Por Maximiliano Crespi para Radar Libros
Entre la parodia y el grotesco, Scalabritney aborda la frivolidad demostrando con hidalguía que se lo puede hacer sin ser, precisamente, frívolo.
Hay algo en el discurso de la frivolidad que resulta fascinante. No es, claro, su insolente disposición a hablar con desparpajo a la vez sobre asuntos complejos y banales, salvando con clichés todo nudo problemático. Lo fascinante es el vértigo con que se suceden, indiferentes, sus cambios de tema, en una arrolladora y tibia huida hacia adelante. La ficción de la frivolidad (que no tiene que ser obligatoriamente frívola) sigue un cauce de pensamiento leve (pero no por ello débil), serpentea frente a los obstáculos y cambia de curso de manera dúctil ante los accidentes de superficie. No elige los cambios; se deja llevar más bien por un impulso de apariencia neutra que la excede. Se abandona a esa “fuerza poética natural” que le permite evadir contradicciones, fantasmas, detalles y lapsus: lo ínfimo, tras lo cual asoma el rostro insoportable de lo real. En ese paso de baile aprensivo y etéreo –sobre el cual César Aira fue capaz de elaborar una obra de mérito incuestionable– se despliega la nouvelle de Martín Zícari.

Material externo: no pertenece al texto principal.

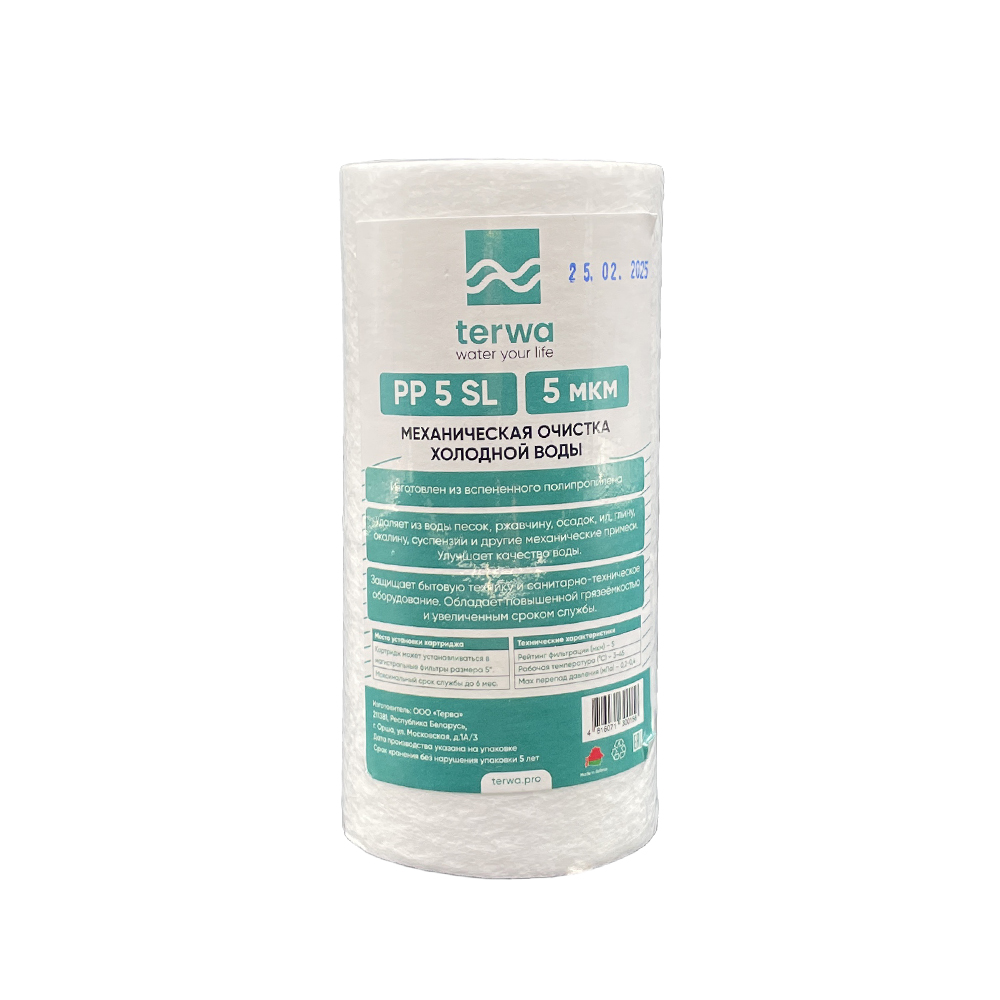 Картридж механической очистки Terwa 5SL 5 мкм предназначен для доочистки воды из централизованных систем водоснабжения от примесей — ржавчины, песка, ила. В качестве фильтрующего вещества используется вспененный полипропилен, который эффективно улавливает частицы размером более 5 мкм.
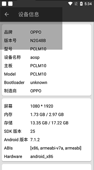 屏幕、RAM、ROM、SDK 版本、Android 版本、ABIS 等
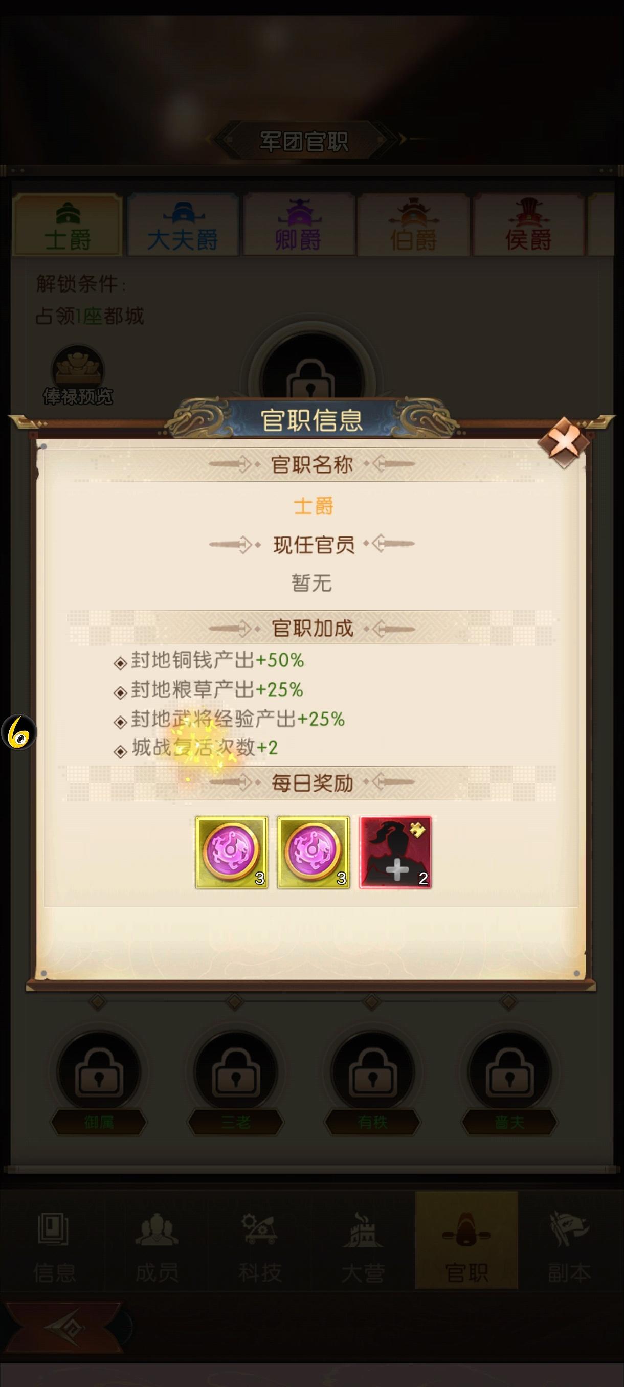 占领一座都城之后解锁官职,军团长可以分配成员的官职大小,不同的官职每天可以提供不同的俸禄,占领的都城越多,解锁的官职越高,每日的俸禄也就越高
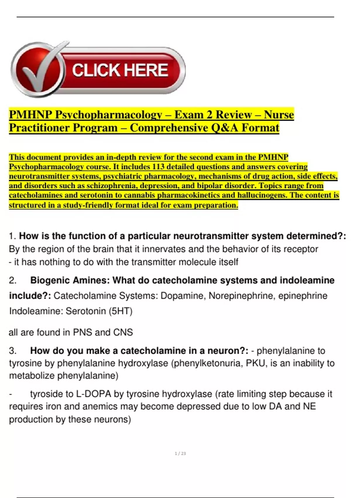 Psychopharmacology course. It includes 113 detailed questions and answers covering
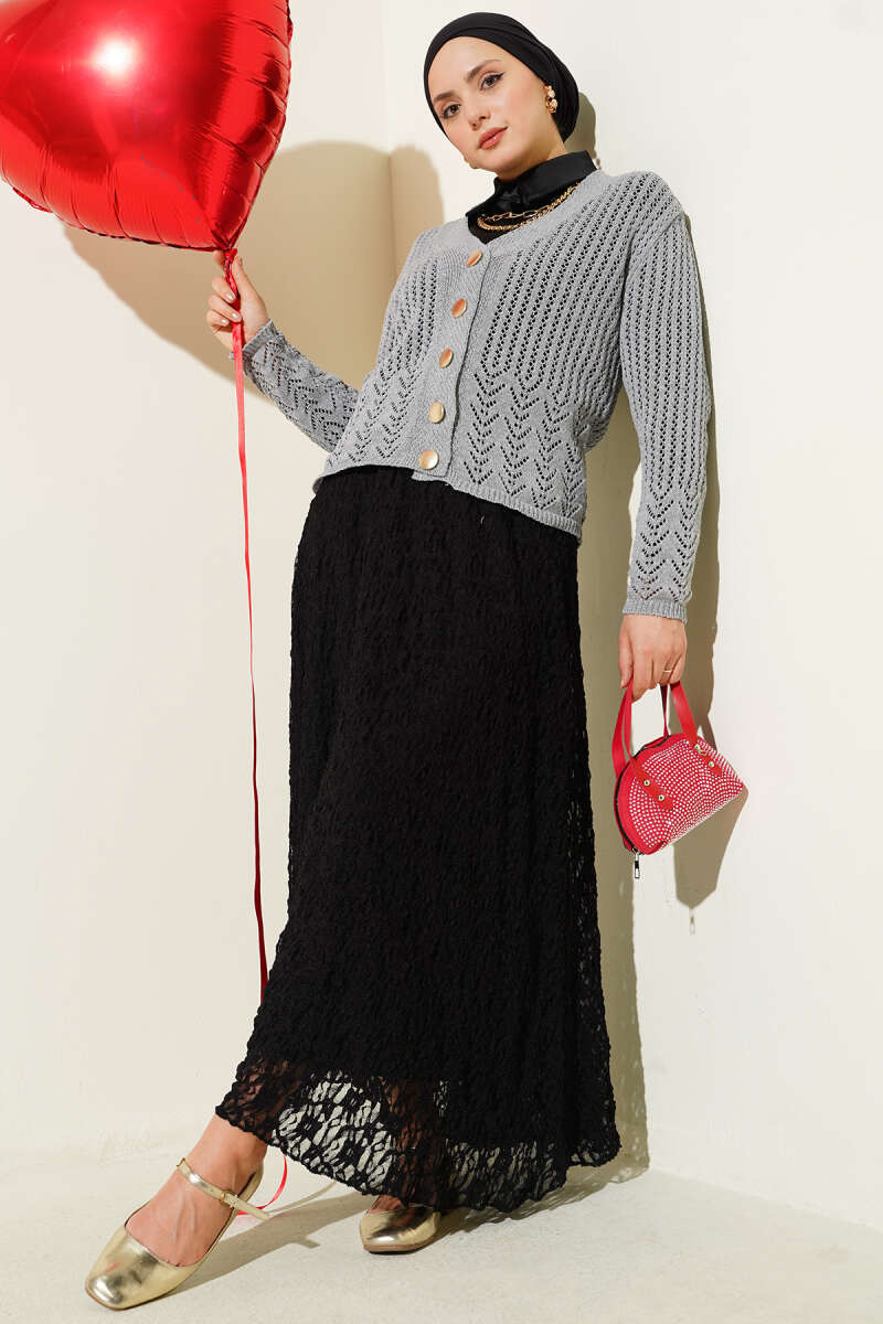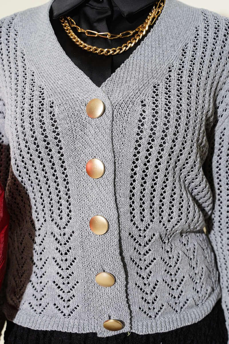 Gold Düğmeli Ajurlu Kısa Triko Hırka Gri
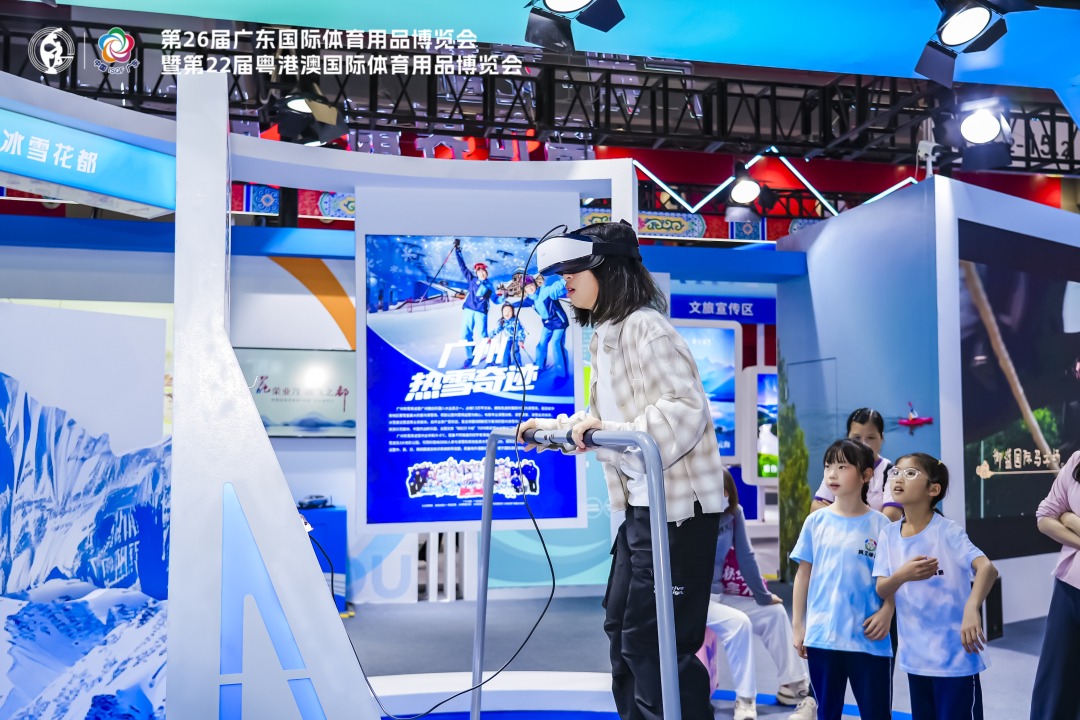 “妈妈你看,我滑到雪山底了!”一个小男孩兴奋地摘下VR眼镜,在花都展区的滑雪体验机前手舞足蹈。11月8日上午,第26届广东国际体育用品博览会暨第22届粤港澳国际体育用品博览会在万众瞩目中拉开帷幕。广州市花都区作为全省唯一的行政县区代表,在展会现场设立独立展区,以“广州潮北 花样花都”为主题,围绕“冰雪”“跳绳”“骑行”三大特色体育板块,精彩呈现体育发展成果。
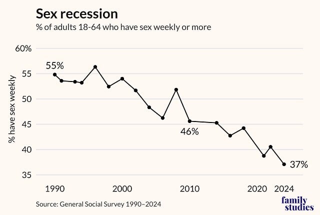 Калі ў 1990 годзе пра інтымную блізкасць хаця б раз на тыдзень паведамляла 55% апытаных ва ўзросце ад 18 да 64 гадоў, то ў 2024 штотыднёвы або больш часты секс быў толькі ў 37% жыхароў ЗША.
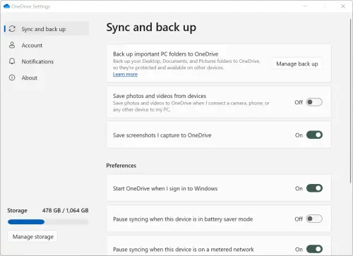 1. In the “Sync and backup” section, click on “Manage backup”.
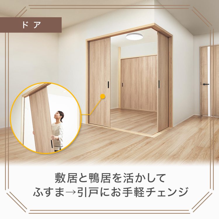 襖を洋風ドアに替えるなら、開口部の解体不要で施工簡単な引戸が最適です。
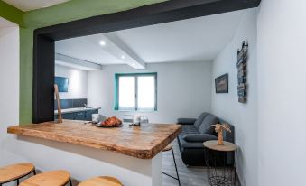 L'appartement est situé dans les remparts du village. Il s'agit d'un logement dans l'ancien typique et bien aménagé, mais avec des petites pièces. Logement idéal pour les personnes jusqu'à 1m70. Au-delà, bosses assurées (plafond et encadrure de porte bas) sans parler de la pluie de douche à oublier à moins d'être courbé ou assis dans la baignoire! Toutefois, l'environnement global est charmant et la situation est pratique.
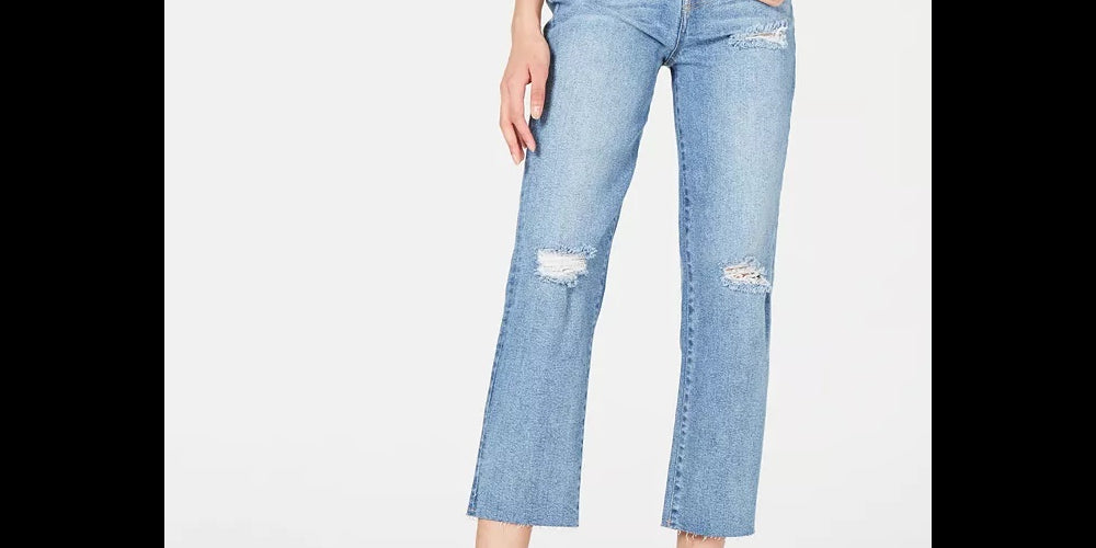 Approx. inseam; 25-1/2|High rise; front; approx. 11-1/2; leg opening; 12-1/2|Zipper and button closure at front; belt loops|Frayed hem; ripped at leg|Cotton/Tencel® lyocell/spandex

La consistencia del semblante poético de Scalabritney no se apoya en la desidia de su adjetivación, radica ante todo en la sintaxis con que reproduce el flujo metonímico por el cual la narración avanza sobre una trama intrascendente, arrancando nuevas frases a frases que parecían agotadas en su monotonía y su banalidad. Partiendo tan sólo de un puñado de escenas, que no llegan más que a ser superficialmente hostiles, el relato se articula así sobre digresiones de evasión que rozan lo delirante (un sueño, una alucinación, una película de terror, un recuerdo, todo es distorsionado y transformado por la imaginación). La distinción no es siempre tangible. No porque todo se plantee bajo un mismo punto de vista, sino porque entre la percepción de lo “real” y lo imaginario no median diferencias en el orden de la ficción. Y es por eso que, más que el relato, lo que gradualmente se convierte en el centro neurálgico del texto es la imaginación sobreactuada de un personaje cuya existencia oscila entre la ingenuidad espontánea y la ridiculez. Más que lo que se dice, lo que importa es quién habla. En la recreación de esa voz y ese imaginario particular, el flujo discursivo adquiere en efecto –como ocurre a veces en Puig– un carácter casi performativo.
Sin embargo, el relato vacila a veces indeciso entre la parodia y el grotesco. Lo que ratifica el ademán paródico es el índice de un subtitulado donde el narrador cambia (o al menos se desdobla). Lo que remite al grotesco es la vitalidad de una ficción que pone en escena un narcisismo impúdico, tan exhibicionista en su frivolidad y su medianía que por momentos flirtea con lo transgresivo, ya fuere en el pavoneo de la incorrección política o en la impostura que recicla sus lugares comunes. Todo parece bastante claro: el personaje ama las fiestas privadas, los erotizantes paseos en bicicleta por Palermo Queer, las escapadas con amigos al Tigre y desprecia abiertamente a “la chusma” y a ese aburrido o amenazante “mundo hostil” del cual huye en sus dulces visiones. Pero se revela siempre demasiado satisfecho de su propio imaginario (y de su propia frivolidad) como para rozar siquiera la experiencia transformadora de lo íntimo. Scalabritney es “un espacio multisensorial, multidimensional, multimediático, múltiple” donde la infelicidad se conjura; un lugar secreto, lujoso e ilusorio –a la vez oscuro y placentero– donde la fiesta se prolonga “infinita” y donde nadie se acuerda de la bolsa de ropa sucia de su jefe.